Where $n$ is the size of the array $nums1$ and $m$ is the size of the array $nums2$ .

5. Hash Set (Optimal)

Intuition

We can improve on the two-set approach by using only one set. Store all elements from nums1 in a set, then iterate through nums2. When we find a match, add it to the result and remove it from the set to avoid duplicates.

Algorithm

Create a set seen from all elements in nums1.
Initialize an empty result list.
For each element in nums2:
- If the element is in seen, add it to the result and remove it from seen.
Return the result list.

class Solution:
    def intersection(self, nums1: List[int], nums2: List[int]) -> List[int]:
        seen = set(nums1)

        res = []
        for num in nums2:
            if num in seen:
                res.append(num)
                seen.remove(num)
        return res

Time & Space Complexity

Time complexity: $O(n + m)$
Space complexity: $O(n)$

Where $n$ is the size of the array $nums1$ and $m$ is the size of the array $nums2$ .

6. Built-In Functions

Intuition

Most programming languages provide built-in set intersection operations.
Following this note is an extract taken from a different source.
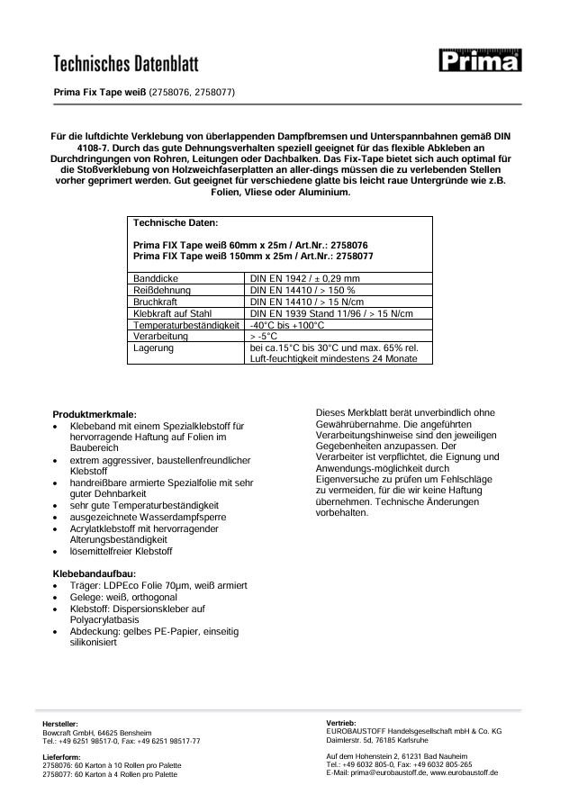 Das Prima FIX Tape ist optimal geeignet für die wind- und regensichere Verklebung von Überlappungen und Durchdringungen an Unterdeck-, Schalungsund Fassadenbahnen. Mit 20 % mehr Kleber ist das Prima FIX Tape ideal für stark geprägte Unterdeckbahnen geeignet. Der Fingerlift gewährleistet ein schnelles und sauberes Arbeiten.

By converting both arrays to sets and using the intersection function, we get a clean one-liner solution. The implementation details are handled by the language's standard library.

Algorithm

Convert nums1 to a set.
Convert nums2 to a set.
Compute the intersection of the two sets using the built-in function.
Convert the result to an array and return it.

class Solution:
    def intersection(self, nums1: List[int], nums2: List[int]) -> List[int]:
            return list(set(nums1) & set(nums2))

Time & Space Complexity

Time complexity: $O(n + m)$ in average case, $O(n * m)$ in worst case.
Space complexity: $O(n + m)$

Where $n$ is the size of the array $nums1$ and $m$ is the size of the array $nums2$ .

Common Pitfalls

Including Duplicates in the Result

The intersection should contain each common element only once, even if it appears multiple times in both arrays. For example, if nums1 = [1, 1, 2] and nums2 = [1, 1], the result should be [1], not [1, 1]. Using a set for the result or marking elements as "already added" prevents this issue.

Comparing Values Instead of Using Efficient Lookups

A brute force approach comparing every pair of elements is O(n * m), which is inefficient for large arrays. The optimal approach uses a hash set for O(1) lookups, reducing time complexity to O(n + m). Always consider converting one array to a set before checking membership.